Stored entries:
═══
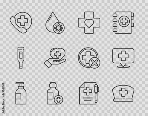 Set line Hand sanitizer bottle, Nurse hat with cross, Heart, Bottle of medicine syrup, Emergency phone call to hospital, Medical prescription pen and Map pointer icon. Vector
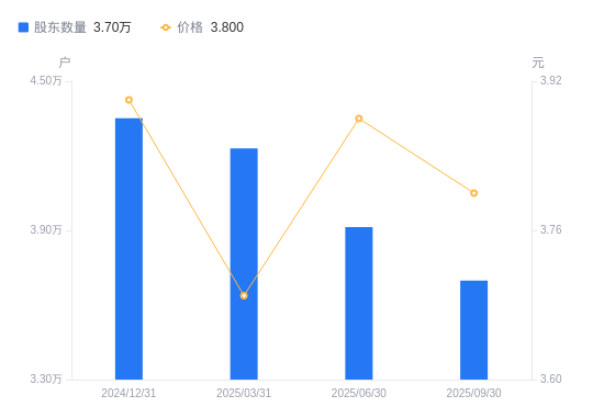 近一年(2024年9月30日至2025年9月30日),华神科技A股股东户数从3.97万户,减低至3.7万户,降幅6.91%,区间股价上涨1.60%。
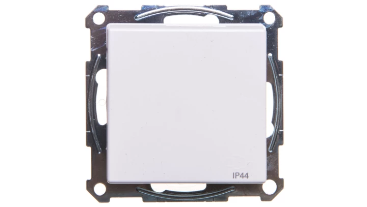 Simon 54 Gniazdo bryzgoszczelne z/u IP44 z przesłoną torów i klapką pełną białe DGZ1BZ.01/11
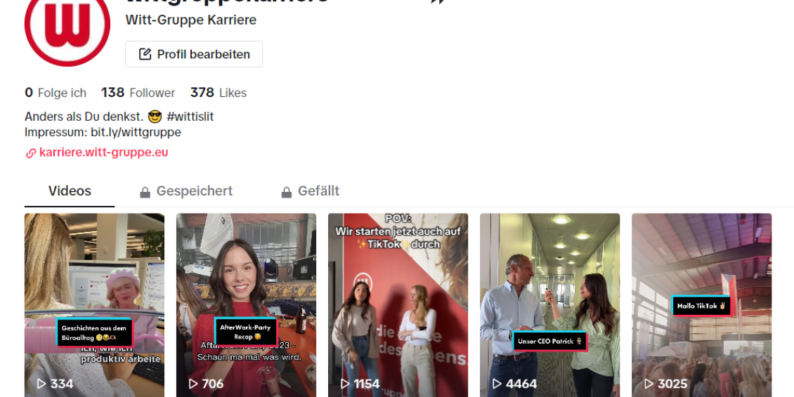 Endlich dürfen wir es euch ganz offiziell mitteilen: Ab sofort sind wir als Witt-Gruppe Karriere auch auf TikTok vertreten! Wir freuen uns riesig über den neuen Kanal und sind gespannt, wie die Videos bei euch ankommen.
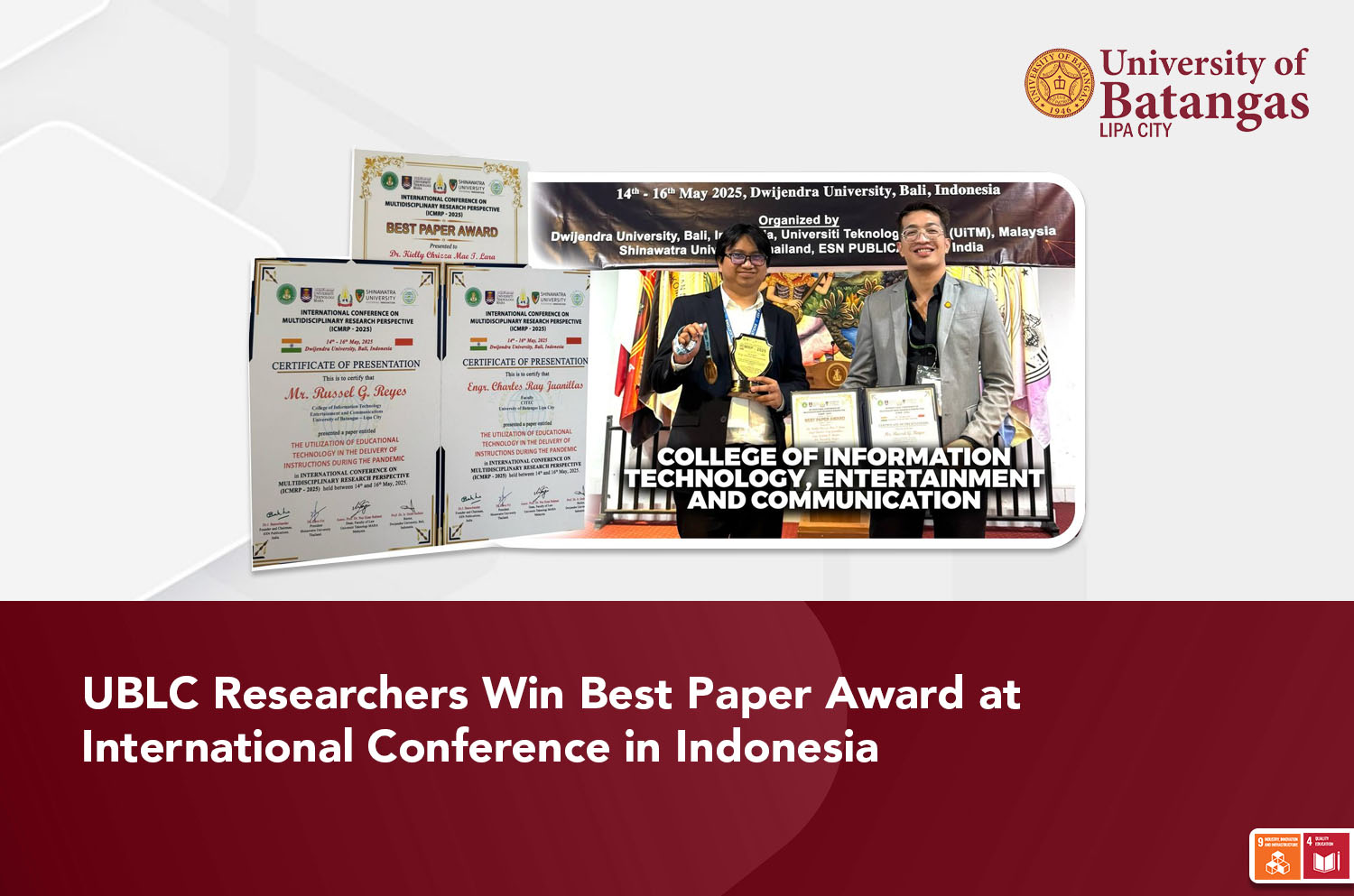 The University of Batangas – Lipa City (UBLC) proudly recognizes Mr. Russel G. Reyes and Engr. Charles Ray Juanillas for receiving the Best Paper Award at the International Conference on Multidisciplinary Research Perspective (ICMRP 2025) held at Dwijendra University in Bali, Indonesia.
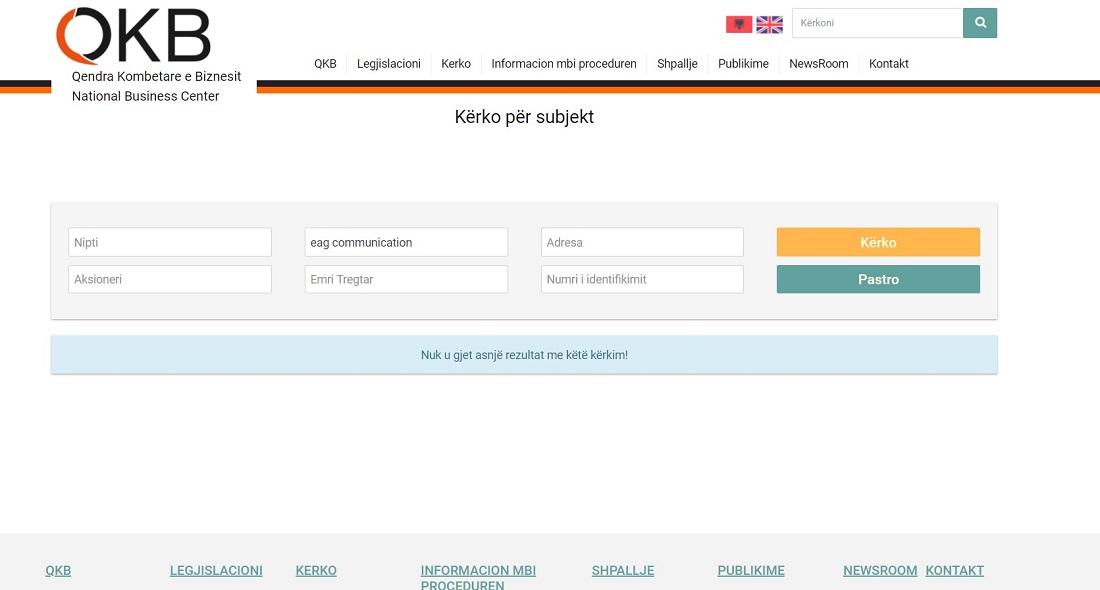 Rezultatet e kërkimit në Qendrën Kombëtare të Biznesit për kompaninë “EAG Communication”
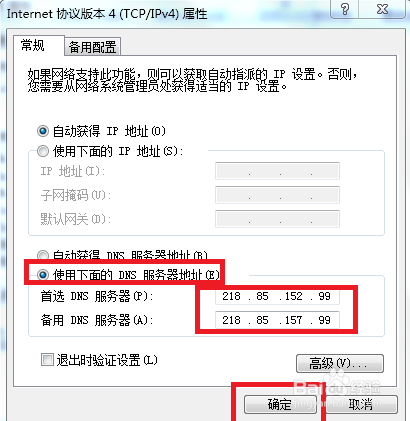 勾选使用下面的DNS服务器地址选项,输入当地宽带运营商提供的首选和备用DNS服务器地址然后点击确定按钮即可。
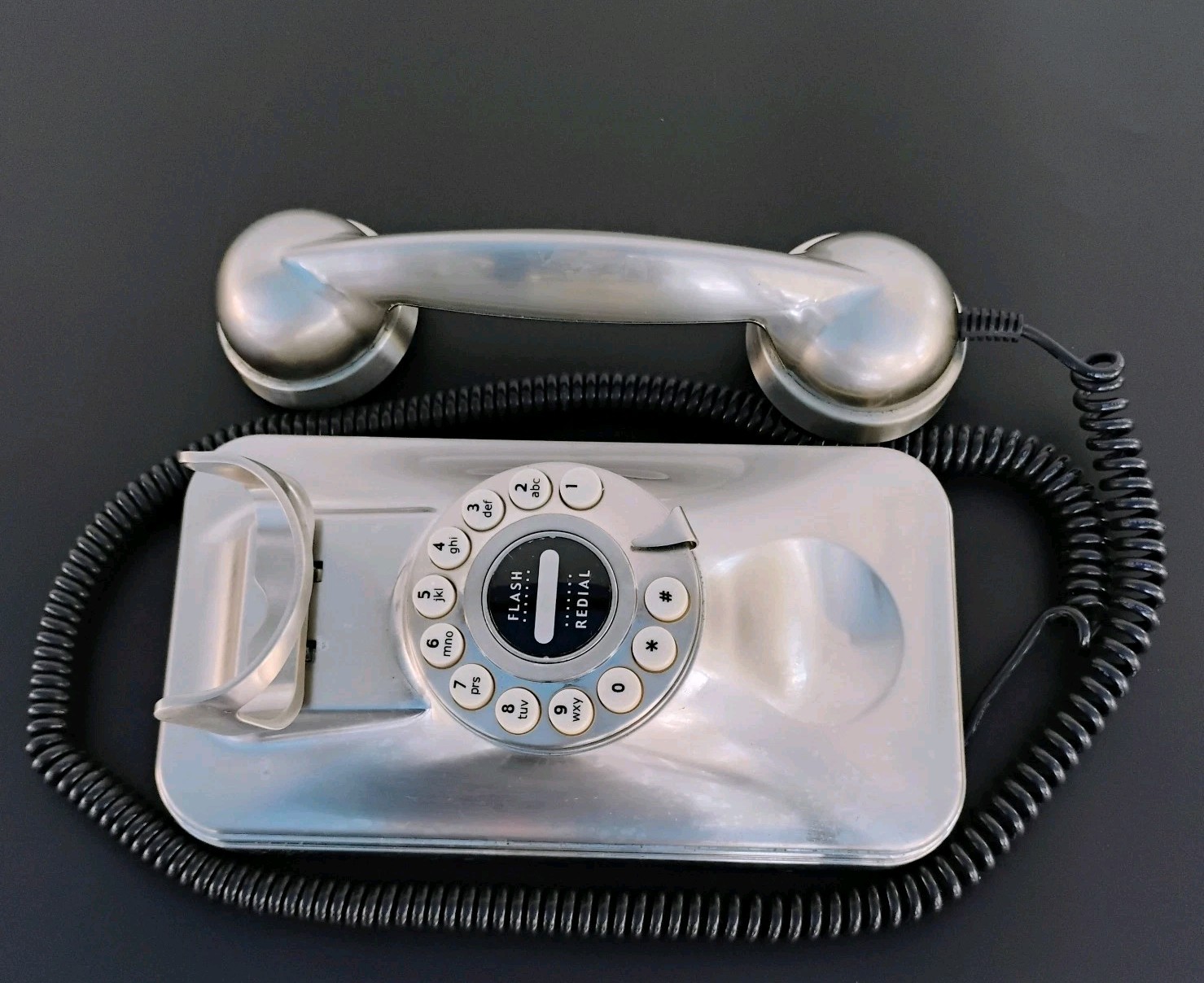 Grand Wall Phone Brushed Chrome Stainless Crosley Retro Push Buttons landline
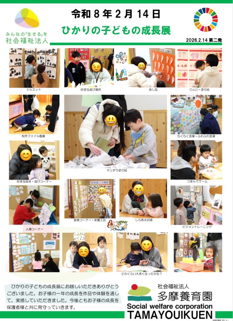 ひかりの子どもの成長展にお越しいただきありがとうございました。お子様の一年の成長を作品や体験を通して、実感していただきました。今後ともお子様の成長を保護者様と共に見守っていきます。
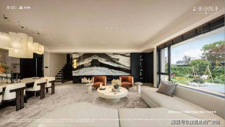 金沙院子的叠墅立面,有着艺术品般的质感。以美拉德暖色调为基调,搭配“艺术级流体无界屏”设计,凸显流线型“游艇立面”建筑美学。大面积铝板与玻璃的流动线条模糊了建筑与自然的边界,让建筑仿佛生长在大自然一般,诗意揉融,无限契合。
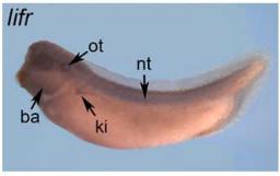 Larger Image lifr (LIF receptor subunit alpha) gene expression in Xenopus laevis embryo, assayed via in situ hybridization, NF stage 35-38, lateral view, anterior left, dorsal up. This image is extracted from figure published in: Jalvy S et al. (2019) Copyright © 2019. Image reproduced with permission of the Publisher, Elsevier B. V.
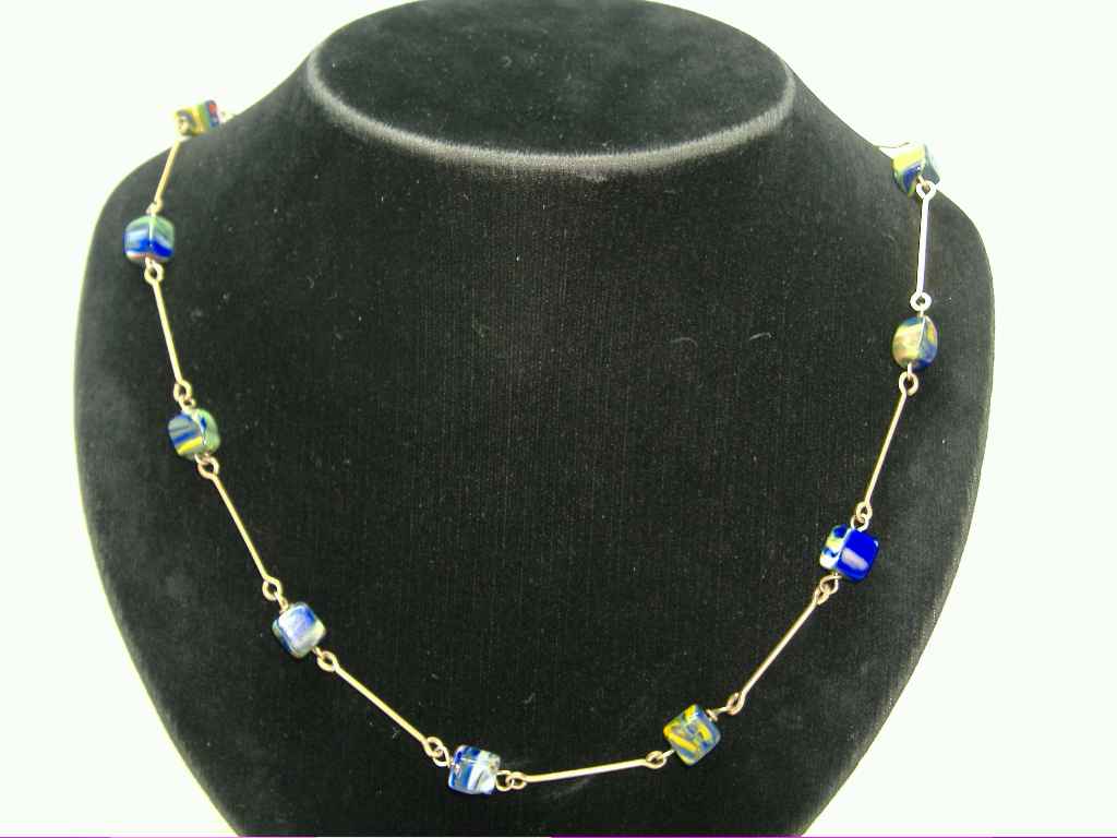 We are pleased to offer this lovely Vintage 30s Art Deco vintage end of day muticoloured square shaped glass bead necklace on rolled gold wire links.  As you can see from the photos, the necklace is in excellent condition and  looks fab on, don't miss out on this one.
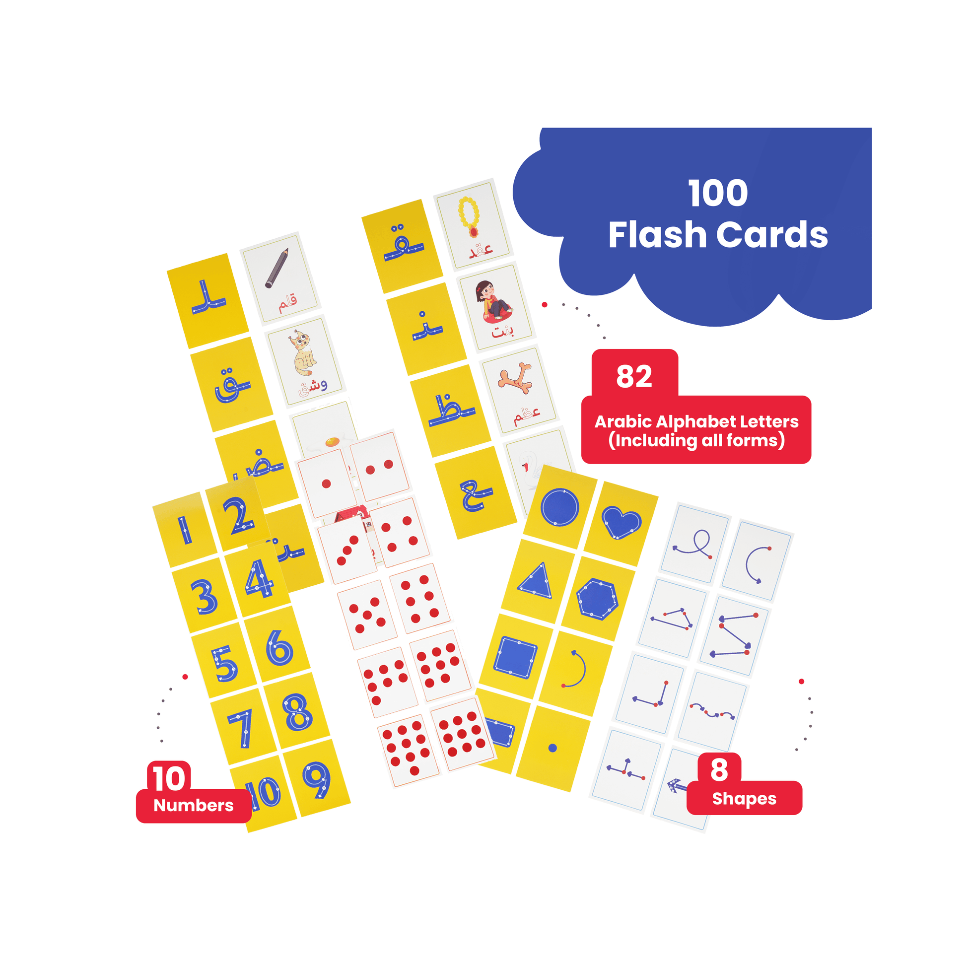 • Comprehensive Educational Set: With 100 flashcards, each featuring a letter, an associated word, and visuals for numbers and shapes, your child will learn the alphabet, how to draw basic shapes, and how to write and count numbers from 1 to 10
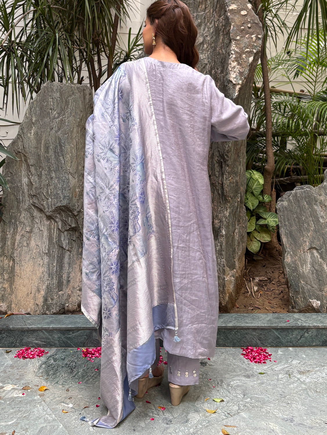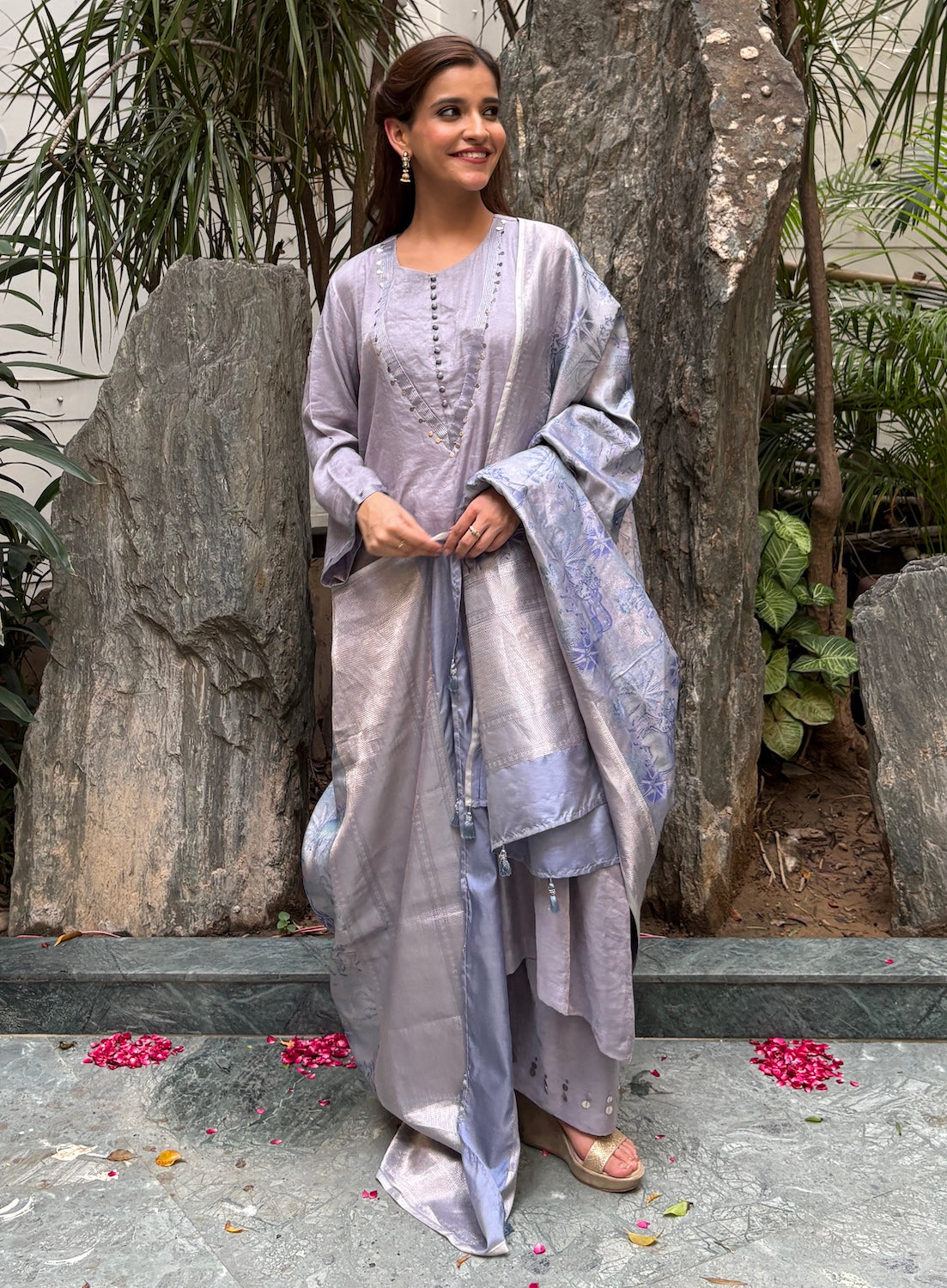 Kurta: Kurta has stripe tissue detailing on front yoke highlighted with hand embroidered coin work. Hand embroidered coin detail on sleeves.
═══
Could you write out exactly the lines of the data above that run from the one holding "勾选使用下面的DNS服务器地" to the one holding "Larger Image lifr", with both ends in and all pictures out?

 勾选使用下面的DNS服务器地址选项,输入当地宽带运营商提供的首选和备用DNS服务器地址然后点击确定按钮即可。
 Grand Wall Phone Brushed Chrome Stainless Crosley Retro Push Buttons landline
 ひかりの子どもの成長展にお越しいただきありがとうございました。お子様の一年の成長を作品や体験を通して、実感していただきました。今後ともお子様の成長を保護者様と共に見守っていきます。
 金沙院子的叠墅立面,有着艺术品般的质感。以美拉德暖色调为基调,搭配“艺术级流体无界屏”设计,凸显流线型“游艇立面”建筑美学。大面积铝板与玻璃的流动线条模糊了建筑与自然的边界,让建筑仿佛生长在大自然一般,诗意揉融,无限契合。
 Larger Image lifr (LIF receptor subunit alpha) gene expression in Xenopus laevis embryo, assayed via in situ hybridization, NF stage 35-38, lateral view, anterior left, dorsal up. This image is extracted from figure published in: Jalvy S et al. (2019) Copyright © 2019. Image reproduced with permission of the Publisher, Elsevier B. V.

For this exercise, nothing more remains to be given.